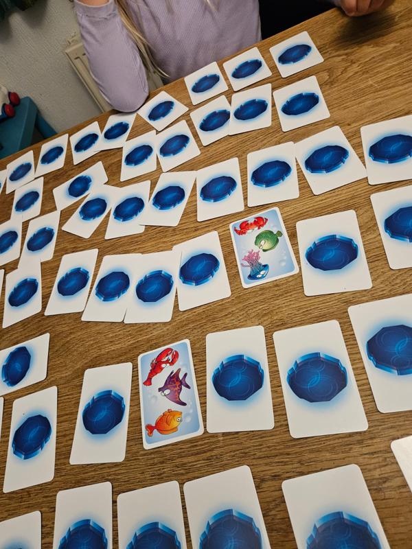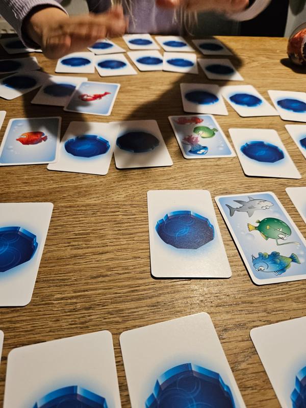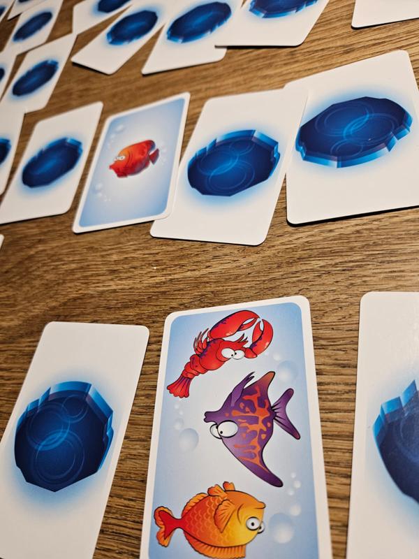 Nu mogen spelers ombeurten een willekeurige kaart op tafel omdraaien. Wanneer een speler 2 dezelfde vissen (op 2 verschillende kaarten) ziet, dan ‘slaat’ hij daarop en mag hij de kaarten houden en op zijn persoonlijke stapel leggen. Tenzij hij het verkeerd heeft gezien. Dan moet hij één van de kaarten van zijn persoonlijke stapel weer gedekt op tafel terug leggen.
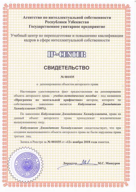 | 9126 | №001035 | Учебно-методическое пособие - "Программа по ментальной арифметике" | Кабулниязов Джавдатхан Хамидуллаевич (100%) | Кабулниязов Джавдатхан Хамидуллаевич | 11/12/2018 | ![]() |
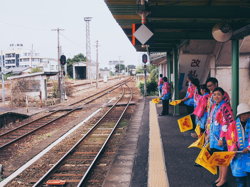 車站人員都大陣仗的列隊歡迎,手拿旗子好像在迎接什麼大人物一樣
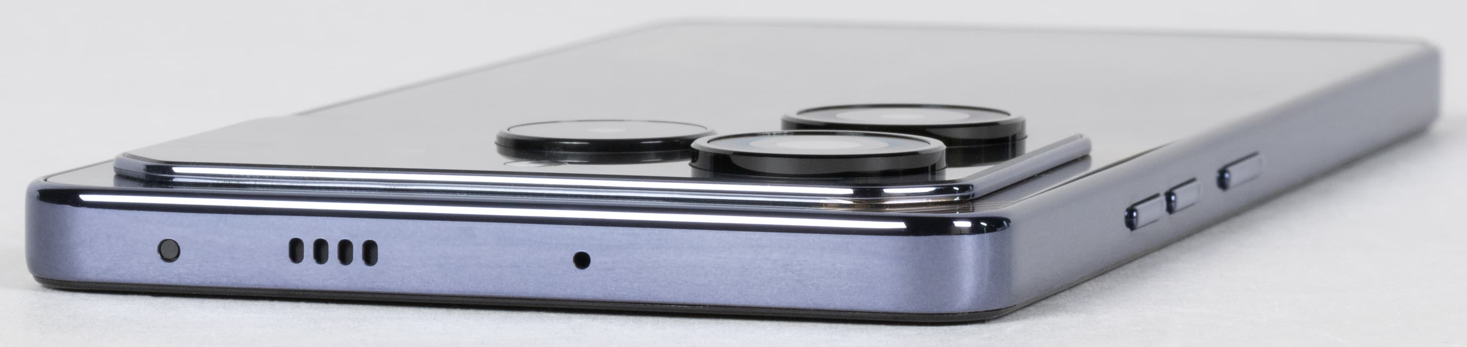 Верхний торец отдан под дополнительный микрофон и второй динамик, также здесь присутствует глазок ИК-порта.
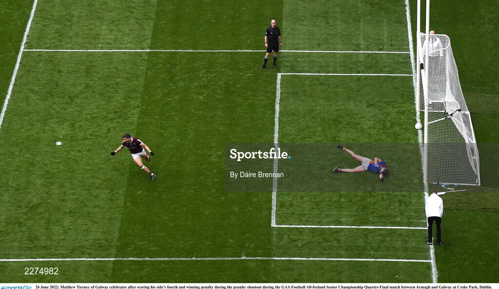 26 June 2022; Matthew Tierney of Galway celebrates after scoring his side's fourth and winning penalty during the penalty shootout during the GAA Football All-Ireland Senior Championship Quarter-Final match between Armagh and Galway at Croke Park, Dublin. Photo by Daire Brennan/Sportsfile
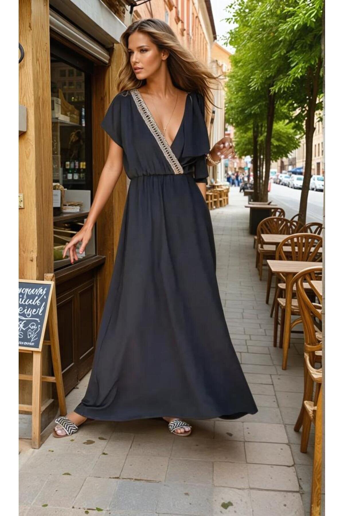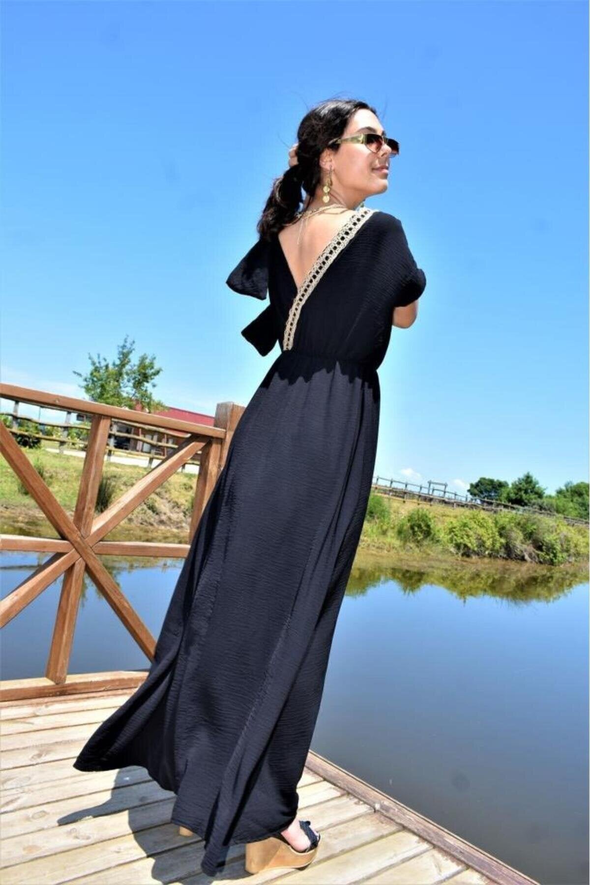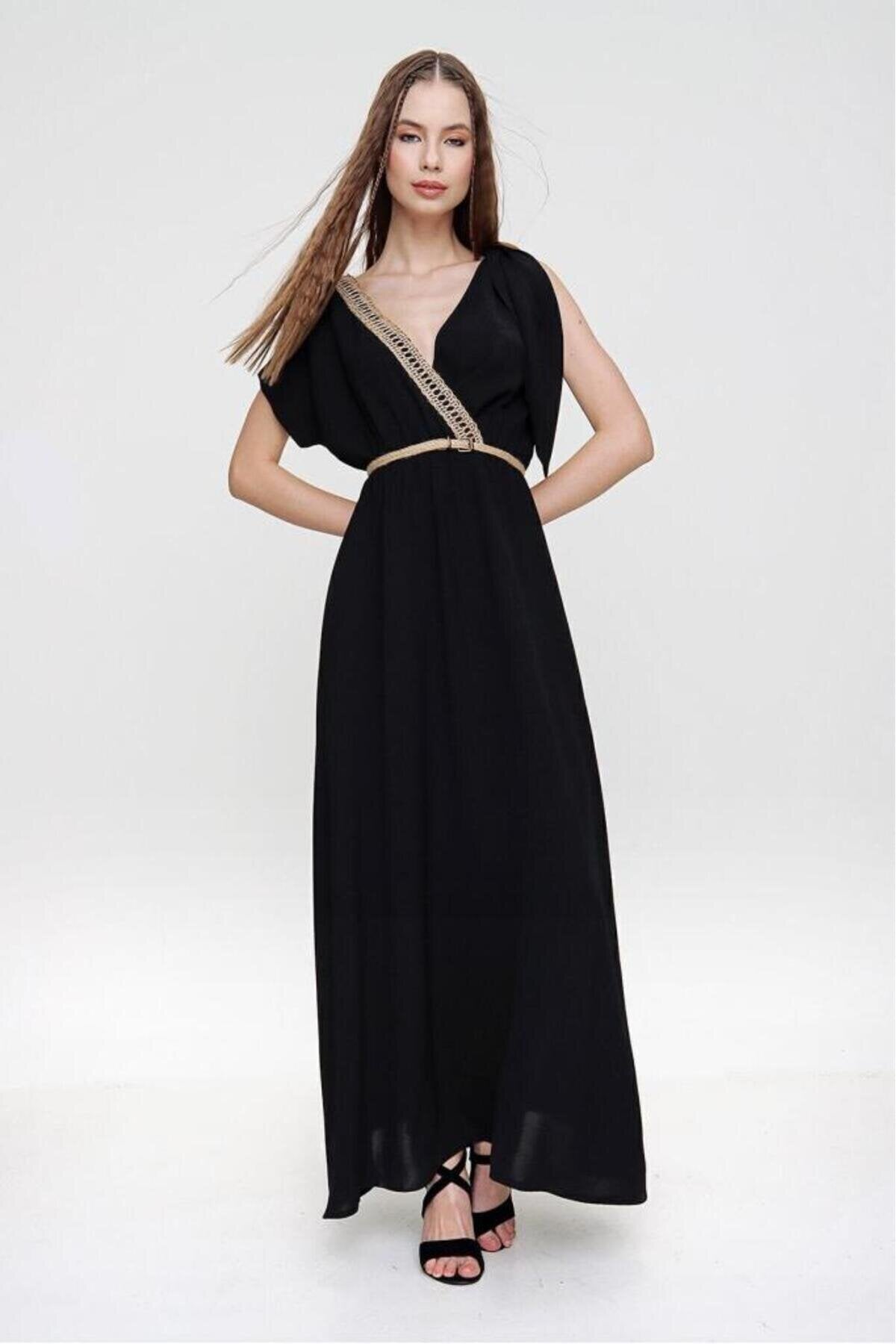 Long Wrap Woven Buckled Shoulder Dress - Black
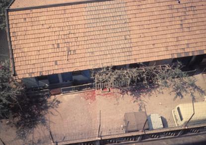 Rocket marks on building
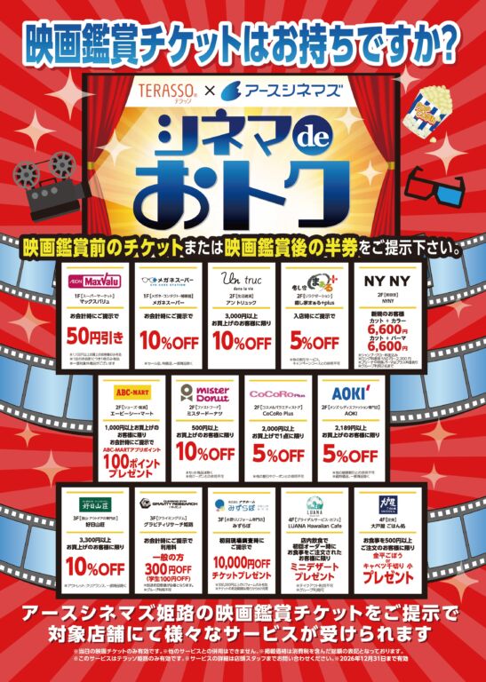 映画鑑賞前・映画鑑賞後のチケットの半券をご提示で
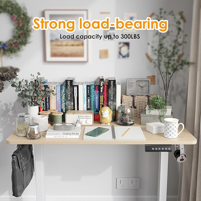 STARY Electric Memory Preset 40 x 24 Inches Adjustable Height Computer Workstation Sit Stand Home Office Desk with Splice Board, 4024, Castin Oak Desktop/White Frame
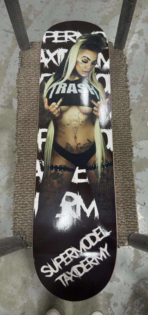 Order your skateboard deck at https://supermodeltaxidermy.bandcamp.com/merch/skateboard
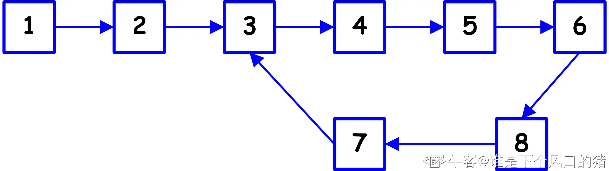 所以当快慢指针相遇后,从相遇点到环入口的距离与从链表头到环入口的距离一样。通过设置一指针从链表头部前进,一指针从相遇点同时前进,两指针相遇的位置即是链表环的入口。
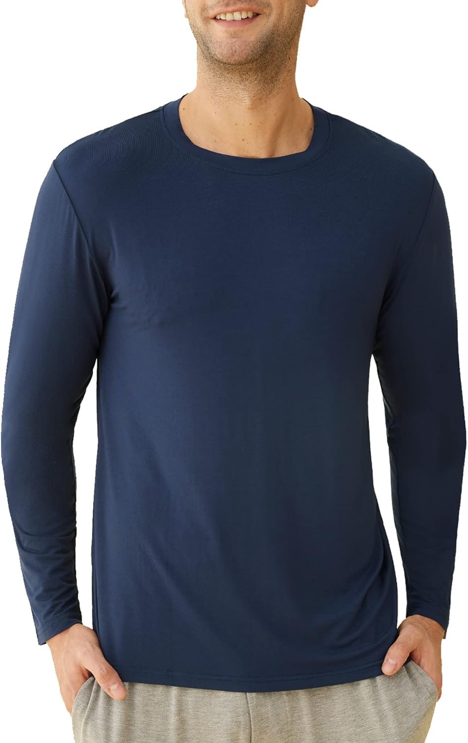 Men’s Viscose Pajama Top Long Sleeves Sleep T-Shirt
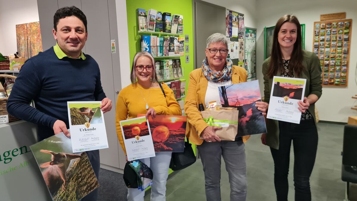 Hans-Peter Engelhart (links) und Anke Schmid (rechts) von der Münsinger Touristik Information überreichten Carmen Goller (zweite von links, Platz 1) und Helma Leuze (Platz 3) ihre Preise.
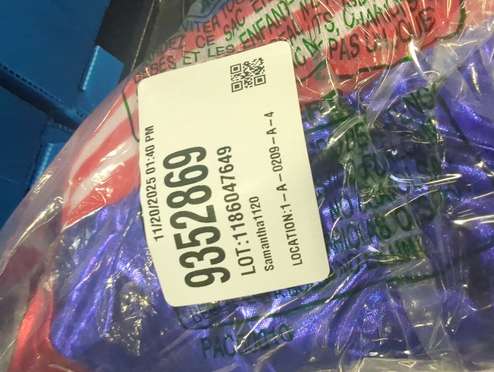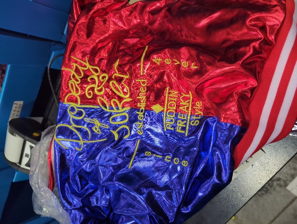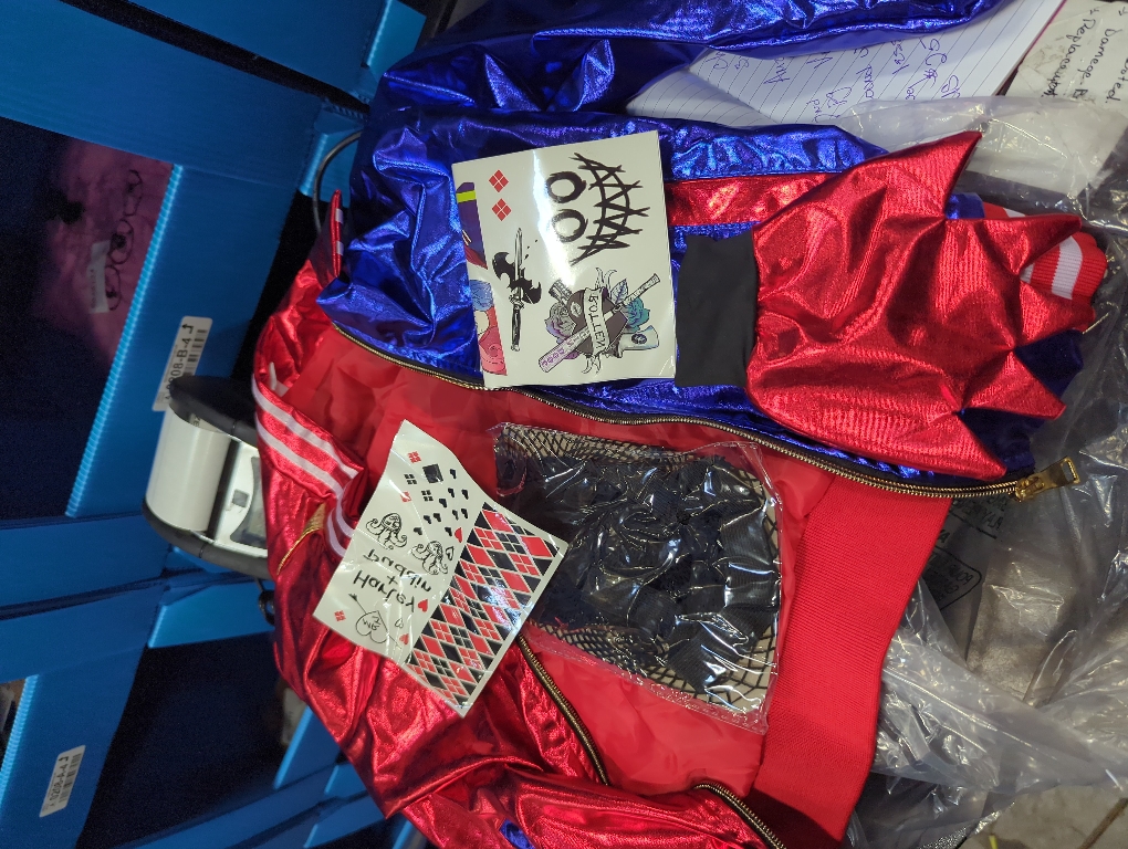 Costume includes metallic blue and red jacket with "Property of Joker printed in gold on the back and attached shirt that says "Daddy's 'lil Monster"
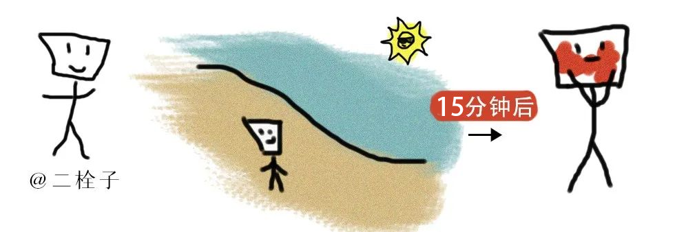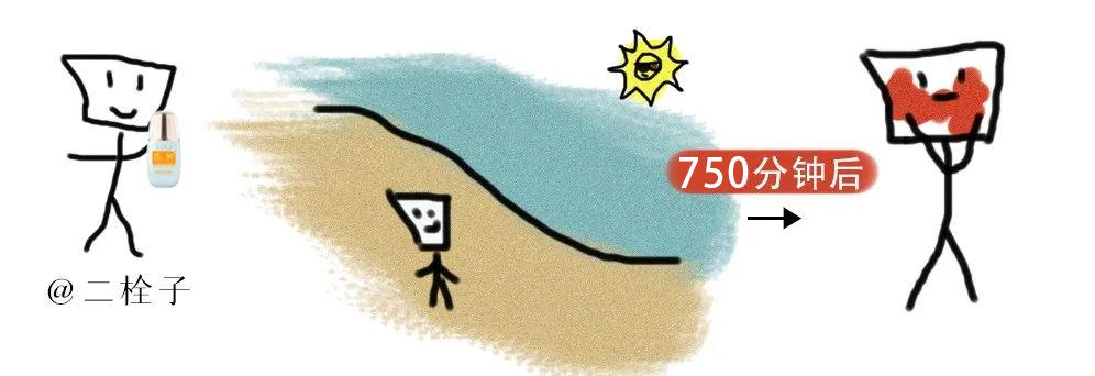 二栓子不涂防晒,走到盛夏正午海滩的阳光里,15分钟晒伤了。 二栓子涂了这个防晒霜,仍然走到盛夏正午海滩的阳光里,12.5个小时(750分钟)之后晒伤了。
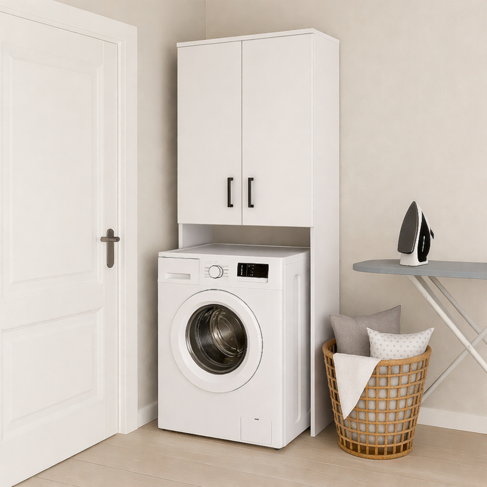 Organizează eficient spațiul din baie cu dulap Mașină de Spălat 65x35x200 cm, PAL alb. Ideal si pentru spălătorie.Alege un dulap practic și elegant.Este realizat din PAL melaminat Kronospan. Are finisaj modern în nuanță alb.Culoarea este caldă și rafinată.Se potrivește în interiorul modern.
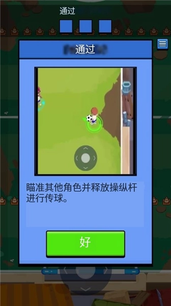 第三关的规则是,你要瞄准其他角色,然后松开操纵杆来传球,只要传球次数达到三次及以上,就算闯关成功啦。

▬▬▬▬▬▬▬▬▬▬

Exactly the lines from the top of the listing through the line holding "映画鑑賞前・映画鑑賞後のチケットの半券をご提示で" should be repeated, with pictures left out.

- Result of this task -
 Nu mogen spelers ombeurten een willekeurige kaart op tafel omdraaien. Wanneer een speler 2 dezelfde vissen (op 2 verschillende kaarten) ziet, dan ‘slaat’ hij daarop en mag hij de kaarten houden en op zijn persoonlijke stapel leggen. Tenzij hij het verkeerd heeft gezien. Dan moet hij één van de kaarten van zijn persoonlijke stapel weer gedekt op tafel terug leggen.
 | 9126 | №001035 | Учебно-методическое пособие - "Программа по ментальной арифметике" | Кабулниязов Джавдатхан Хамидуллаевич (100%) | Кабулниязов Джавдатхан Хамидуллаевич | 11/12/2018 | ![]() |
 車站人員都大陣仗的列隊歡迎,手拿旗子好像在迎接什麼大人物一樣
 Верхний торец отдан под дополнительный микрофон и второй динамик, также здесь присутствует глазок ИК-порта.
 26 June 2022; Matthew Tierney of Galway celebrates after scoring his side's fourth and winning penalty during the penalty shootout during the GAA Football All-Ireland Senior Championship Quarter-Final match between Armagh and Galway at Croke Park, Dublin. Photo by Daire Brennan/Sportsfile
 Long Wrap Woven Buckled Shoulder Dress - Black
 Rocket marks on building
 映画鑑賞前・映画鑑賞後のチケットの半券をご提示で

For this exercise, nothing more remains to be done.